Tripwire has extended a set of DevOps tools for managing and securing applications based on containers to include a Docker container configuration assessment capability.
Tim Erlin, vice president of product management and strategy for Tripwire, says this latest capability being added to the Tripwire for DevOps portfolio will make it easier for organizations to leverage a set of software-as-a-service (SaaS) tools to enable organizations to secure containers as part of an integrated DevOps process for building and deploying containerized applications. Those existing Tripwire services scan container images and container registries for vulnerabilities.
Tripwire is making the case for managing container security as an extension of the security and compliance tools it already provides. Rather then requiring organizations to acquire and master an entirely separate set of tools, Tripwire contends most organizations will need to ensure security and compliance across both existing legacy applications as well as emerging cloud-native applications based on containers.

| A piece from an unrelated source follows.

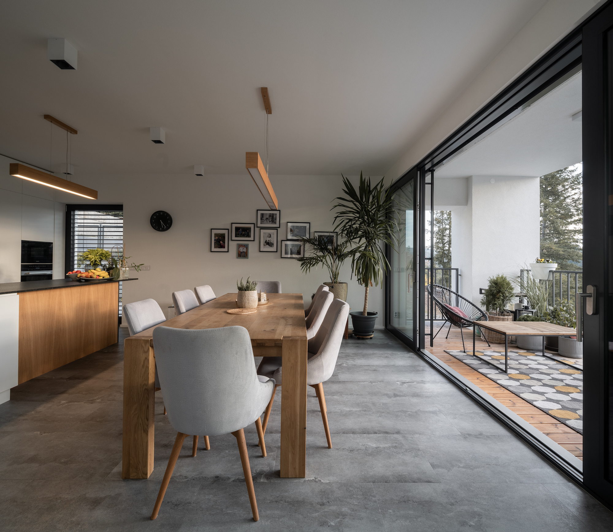 V obytném patře najdete otevřenou kuchyň s barovým ostrůvkem, jídelním stolem a převýšeným obývacím prostorem. Na jídelnu navazuje prosklená lodžie, která umožňuje vychutnat si pohled do údolí. Dále se tu nachází ložnice s vlastní koupelnou a šatnou, centrální točité schodiště a spíž, která je průchozí do garáže. O patro níž jsou pak tři dětské pokoje, koupelna, technická místnost a prádelna. V nejvyšším patře je pracovna s výhledem skrz vysoký obývací prostor, kuchyňka a koupelna pro hosty. Toto patro je také samostatně přístupné přes malé technické zádveří. Místem setkávání, a tedy srdcem domu, je převýšený obývací prostor s velkorysým oknem. To z venku dominuje kompaktní bílé hmotě vily. Protiváhou výrazné skleněné ploše je prostorná lodžie, díky které působí celek harmonicky. Dům dále doplňují terasy a terénní schodiště, které dotváří vhodné propojení s okolní zelení. Právě vhodné usazení vily na pozemek tak, aby byl výsledek co nejpřirozenější a zároveň ekonomicky co nejméně náročný, bylo klíčové. Architekt si s tím poradil díky tomu, že si nechal pozemek geometricky zaměřit a následně vlastnoručně vyrobil precizní fyzický model. Modely jsou poznávacím znamením Ing. arch. Vacíka i dnes, jen si je již tiskne na 3D tiskárně.
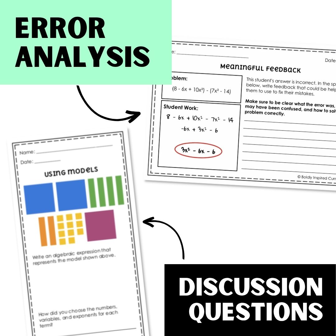 Do you want to get your students thinking critically and articulating their thoughts in your Algebra 1 class? This set of adding and subtracting polynomials warm ups and exit tickets is the perfect no prep, grab-and-go activity to supplement your current Algebra 1 curriculum.

To further that latter end, Tripwire for DevOps has been integrated with Jenkins and TeamCity continuous integration/continuous development (CI/CD) tools and is compatible with all Docker v2 repositories. There’s also a REST application programming interface (API) and command line interface for DevOps engineers to write custom integrations.
Erlin says configuration assessment has proved to be especially problematic because cyber criminals have become especially adept at looking for misconfigurations they can exploit. In fact, the primary root cause of most cloud security issues is attributable to one degree or another to a configuration issue. Tripwire is now trying to make container configuration assessment a security gate within any DevOps process, he notes, noting that establishing those gates is a critical element of extending those processes into the realm of DevSecOps. In fact, Erlin says instituting those processes is much simpler when the tools required are made available as a set of SaaS applications that can be accessed from anywhere.
Unfortunately, most adoption of DevSecOps processes is nascent at best. A report published earlier this year by Tripwire notes almost two-thirds of the organizations admit they do not use hardening benchmarks, such as the Center for Internet Security (CIS) or Defense Information Systems Agency (DISA) guidelines, to even establish a cybersecurity baseline.
Of course, the rate at which IT organizations are adopting containers may soon more the DevSecOps issue. Existing cybersecurity tools are a lot more focused on trying to secure IT environments after an application has been deployed. The rate at which containerized applications are deployed and updated far exceeds the capabilities of most cybersecurity teams to keep pace. To compensate for that issue without slowing down the rate at which applications are developed and deployed, many organizations will need to shift responsibility for implementing security and compliance controls on to the shoulders of developers. Those developers, however, still need to be educated on what controls need to be implemented when.
Naturally, it’s going to take a while for most organizations to make that transition. But given all that’s at stake, making that shift has become an absolute requirement.